Credit ratings agency Moody's has warned it may revise to negative the outlook on France's Aaa credit rating in the next three months if the country fails to make progress on crucial fiscal and economic reforms.
“France's continued commitment to implementing the necessary economic and fiscal reform measures as well as visible progress in achieving the targeted sustainability improvements will be important for the stable outlook to be maintained,” Moody’s said.
“Over the next three months, Moody's will monitor and assess the stable outlook in terms of the government's progress in implementing these measures.”
Meanwhile, Canada’s finance minister has warned that European banks will probably have to take larger write-downs on Greek debt and must negotiate haircuts as big as necessary to resolve a very dangerous situation for the global economy.
Speaking on RTÉ’s Morning Ireland, Jim Flaherty said: "It is quite clear the Greek government is not in a position to repay the indebtedness so then it's a question of how big the haircuts are.

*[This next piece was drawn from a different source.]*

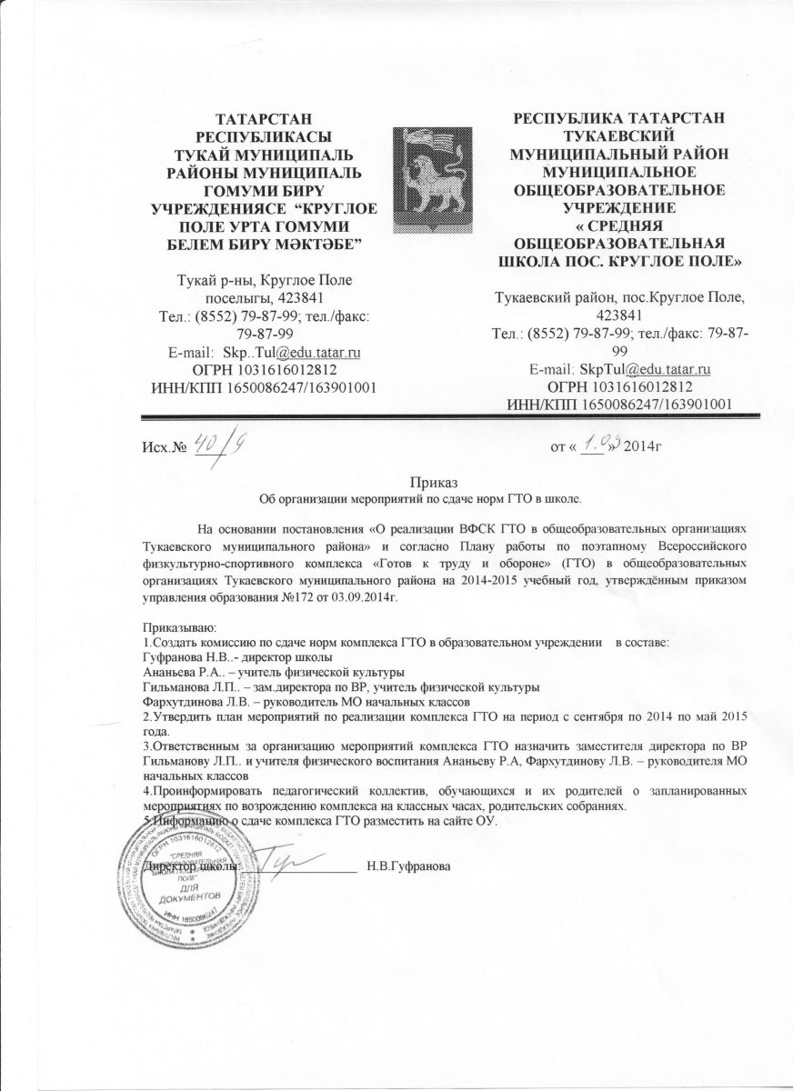 Муниципальное бюджетное общеобразовательное учреждение "Средняя общеобразовательная школа пос.Круглое Поле» Тукаевского муниципального района Республики Татарстан\Татарстан Республикасы Тукай муниципаль районы «Круглое Поле урта гомуми белем бирү мәктәбе» гомуми белем бирү муниципаль бюджет учреждениясе

As big as necessary.
"What is necessary is probably more than they negotiated before.
"Whatever is necessary to resolve Greece and to build a firewall around Greece because this is a very dangerous situation for the global economy," he said.
Markets were volatile today as France and Germany have less than a week to resolve key differences about a comprehensive plan to address the euro crisis.
On Sunday, European leaders will hold a summit to decide whether further losses should be imposed on bondholders of Greek debt and a plan to recapitalise banks.
Greece faces a crucial test this week with much of the country expected to be shut down by a 48-hour strike that will culminate on Thursday as parliament votes on a sweeping package of austerity measures demanded by international lenders.
Greece's two main unions, representing about half of the four million strong workforce, have promised one of the biggest strikes since the start of the crisis two years ago, hitting food and fuel supplies, disrupting transport and leaving hospitals run by skeleton staff.
Prime Minister George Papandreou has defied the protests and pledged to push through a deeply unpopular package that includes tax hikes, pay and pension cuts, job lay-offs and changes to collective pay deals.
His four-seat majority is expected to hold up with the support of smaller opposition parties, but at least two members of the ruling PASOK party could oppose part of the bill when the vote is called, probably in two stages on Wednesday and Thursday.
With European Union leaders racing to prepare a comprehensive new bailout deal in time for a meeting on 23 October, Finance Minister Evangelos Venizelos said it was the week "during which many things, maybe everything will be decided".
Trapped in deep recession and strangled by a public debt equivalent to some 162% of gross domestic product, Greece has been shut out of bond markets and would run out of money within weeks without international support.
Many economists believe Athens can no longer avoid defaulting on its debt but in a newspaper interview yesterday, Mr Papandreou said a default would be a "catastrophe" for Greece.
Inspectors from the European Union and International Monetary Fund were in Athens last week and have recommended releasing a vital €8bn aid tranche to enable the government to keep paying its bills past November.
But that will only provide temporary relief and they have urged Mr Papandreou's struggling Socialist government to push ahead with further belt-tightening.
The strike on Wednesday and Thursday will hit public sector institutions, including tax offices, state schools and airports as well as banks and businesses ranging from taxis and clothes shops to suppliers of everyday staples like bakers.
Even the country's judges will hold indefinite stoppages, only issuing rulings on major cases.
Customs officials who clear fuel refinery deliveries are holding a 24-hour strike today and will decide whether to extend their action, potentially hitting petrol supplies.
Protesters continue anti-greed demonstrations
Protesters who accuse politicians and bankers of greed and economic mismanagement have continued their action in a number of cities around the world.
There were violent street disturbances between protesters and police in the centre of Rome over the weekend, but the protests have been peaceful elsewhere.
In Frankfurt, activists set up tents to start a protest camp in front of the ECB headquarters.
In London, more than 200 activists have spent their second night outside St Paul's Cathedral.
The group had tried to take over the area in front of the nearby London Stock Exchange on Saturday.
After being thwarted by police, the group moved to the cathedral and put up 70 tents. Some said they would stay there as long as possible.